With a little support, young learners can pick up the skills necessary to conduct successful classroom discussions.

 

Student discourse is a fantastic way to hear our students take ownership of their thinking and learning. According to education researcher John Hattie, it’s very effective classroom practice and positively impacts students. To make this happen for our young students, I know we elementary teachers have to lay the foundational work. But I constantly ask myself, why does it feel so challenging to get started?

I talked to my co-teacher, and we thought of two main factors that make discourse learning flop. First, it’s very awkward at the beginning. Students don’t know how to effectively discuss their thinking, which leads to many long, awkward walls of silence and blank stares. Second, teachers can be apprehensive about giving up our control of the conversations during lessons.

Knowing that these two factors can effectively stall discourse instruction, we created three intentional steps to teach our students how to have discussions with one another, and we saw some pretty amazing results in our classroom from it.

 

3 WAYS TO MAKE DISCOURSE LEARNING WORK IN UPPER ELEMENTARY

1. Modeling. Our first step was to model how effective communicators discuss academic content. Since our students are elementary, they do not have much prior knowledge of this, nor have they usually seen this done at home. We intentionally set up mock discussions about the content.

In these discussions, we front-loaded the students to find examples of our using good discussion skills. We modeled everything from maintaining eye contact and correct body language to paraphrasing what the other person said before stating our thinking. This can significantly help students who struggle to develop these nonverbal skills independently. It helps build these soft skills that students will need as they grow older and have to work more collaboratively.

The key to this is to intentionally tell the students, “This is what it should look like when talking to your partner or the class.” We went in-depth about how this would make them better at speaking, which they would need to use throughout school and whenever they entered the working world.

Not only did we show them what to do, but also we showed them what not to do—e.g., talking too loudly or softly to their discussion partner, facing the wrong way, going off topic. This shows students how these errors can derail an academic conversation and will help them identify personal growth areas when they self-reflect on their discussion skills. Just as we would use direct instruction to teach letter sounds or number sense, we need to teach and model how to talk to one another directly.

2. Waiting. This can be one of the most complex parts of teaching students how to use discourse in the classroom.
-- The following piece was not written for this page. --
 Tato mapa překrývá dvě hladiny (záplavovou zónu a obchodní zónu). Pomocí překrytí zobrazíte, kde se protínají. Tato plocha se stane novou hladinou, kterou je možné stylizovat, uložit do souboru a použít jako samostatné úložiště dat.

Until all students have mastered discussing content, there will be plenty of awkward silences. When this happens, the first thing my co-teacher and I do is try to give them some discourse stems to help their thinking along. When we decided to improve discourse class-wide, we accepted the silence as part of the learning and just sat back and waited.

This turned out to be a fantastic teaching moment for the kids, even though we, as instructors, did nothing but sit back and watch. The students didn’t want to sit in silence any more than we did. Eventually, our students who were not the biggest fans of public speaking would start to speak up. When they did this, they received praise from their classmates, and this created a classroom culture where it was expected that all share their thinking.
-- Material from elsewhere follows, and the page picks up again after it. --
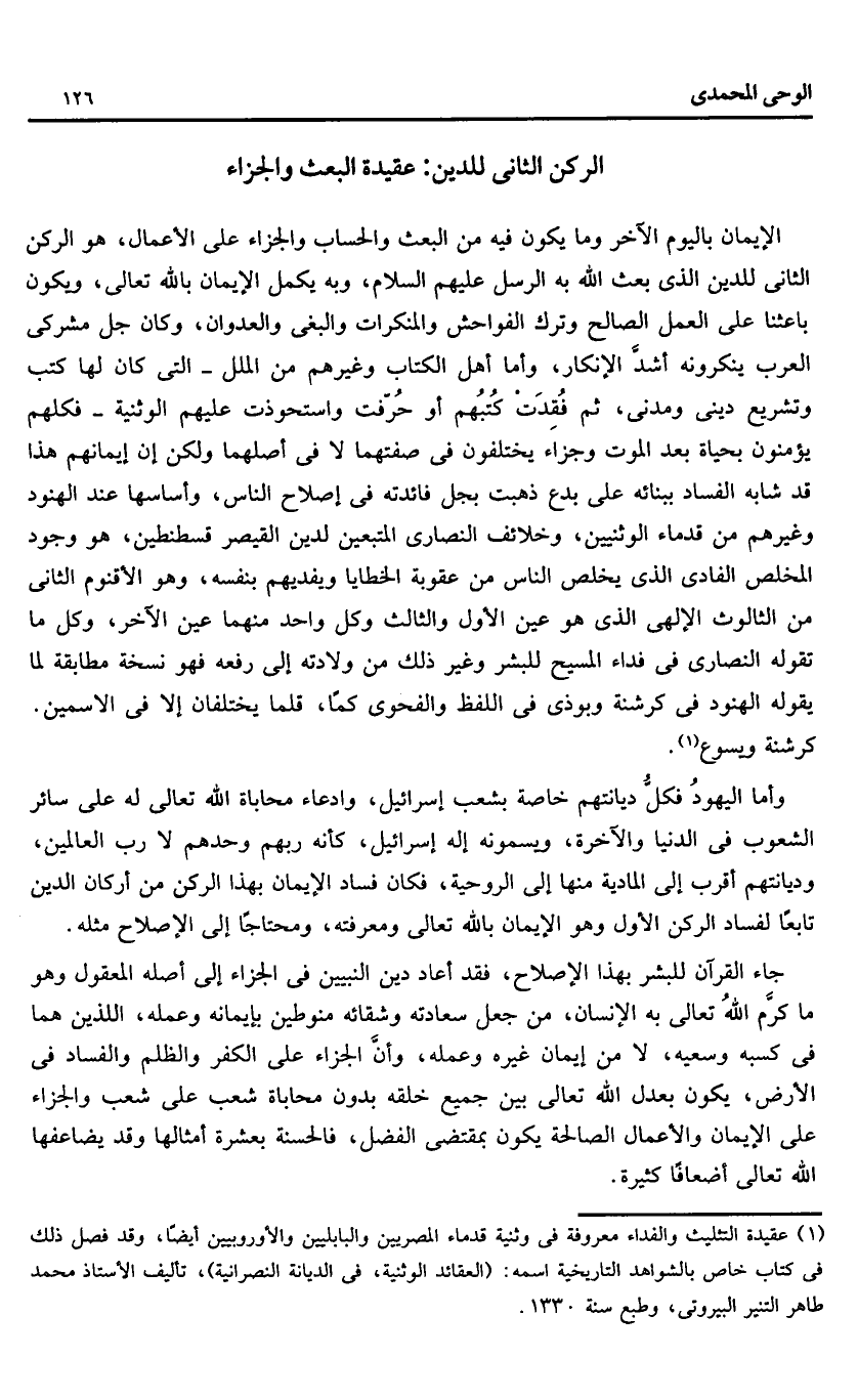 الإيمان باليوم الآخر وما يكون فيه من البعث والحساب والجزاء على الأعمال، هو الركن الثانى للدين الذى بعث الله به الرسل عليهم السلام، وبه يكمل الإيمان بالله تعالى، ويكون باعثنا على العمل الصالح وترك الفواحش والمنكرات والبغى والعدوان، وكان جل مشركى العرب ينكرونه أشدّ الإنكار، وأما أهل الكتاب وغيرهم من الملل- التى كان لها كتب وتشريع دينى ومدنى، ثم فقدت كتبهم أو حرّفت واستحوذت عليهم الوثنية- فكلهم يؤمنون بحياة بعد الموت وجزاء يختلفون فى صفتهما لا فى أصلهما ولكن إن إيمانهم هذا قد شابه الفساد ببنائه على بدع ذهبت بجل فائدته فى إصلاح الناس، وأساسها عند الهنود وغيرهم من قدماء الوثنيين، وخلائف النصارى المتبعين لدين القيصر قسطنطين، هو وجود المخلص الفادى الذى يخلص الناس من عقوبة الخطايا ويفديهم بنفسه، وهو الأقنوم الثانى من الثالوث الإلهى الذى هو عين الأول والثالث وكل واحد منهما عين الآخر، وكل ما تقوله النصارى فى فداء المسيح للبشر وغير ذلك من ولادته إلى رفعه فهو نسخة مطابقة لما يقوله الهنود فى كرشنة وبوذا فى اللفظ والفحوى كما، قلما يختلفان إلا فى الاسمين.

3. Reflecting. The first two steps introduced our students to discourse. We showed them how to discuss with one another and created a classroom culture where it was expected and encouraged to share thinking. While most of the students were participating, some of them were not sharing very much and not diving deeply enough into the content discussion. To address this, we started having time for personal reflections and, more recently, peer feedback about their discussion skills.
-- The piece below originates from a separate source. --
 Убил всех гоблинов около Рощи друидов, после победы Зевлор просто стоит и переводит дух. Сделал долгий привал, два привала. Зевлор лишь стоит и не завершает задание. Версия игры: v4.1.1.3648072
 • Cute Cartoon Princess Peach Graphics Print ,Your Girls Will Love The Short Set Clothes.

First, we kept notes on who was saying what during the discussion, and then at the end of each discussion time, we got the students to think about what we were doing well and what areas they wanted to improve on the following week. This constant self-reflection and goal setting maintained a growth mindset with our students. They were focused on what they could be doing to get better at discussion and the necessary steps to get there.

Recently, we have also been having students give peer feedback to one another that’s focused on discourse skills. Getting feedback from another student also builds a communal growth mindset. The students can give honest feedback and praise about each other’s performances, and when it comes from one of their peers rather than a teacher, it seems to affect them differently. They build each other up and work together on developing their discussion skills. It’s just like how we as teachers take advice from colleagues differently than from our administrators. It helps create a collaborative environment in the classroom.

We saw an area of growth that our classroom needed. We took a step back and gave our students ownership over their classroom and classroom discussions, and we were pleasantly surprised by the results. It built confidence in all learners and gave them a chance to develop their soft skills. It also grew our classroom community, and, most important, it let our students become experts on the content they were learning and sharing with others.

It wasn’t always pretty, and there were bumps along the way, but taking a step back as a teacher and letting your students lead the way can yield incredible success.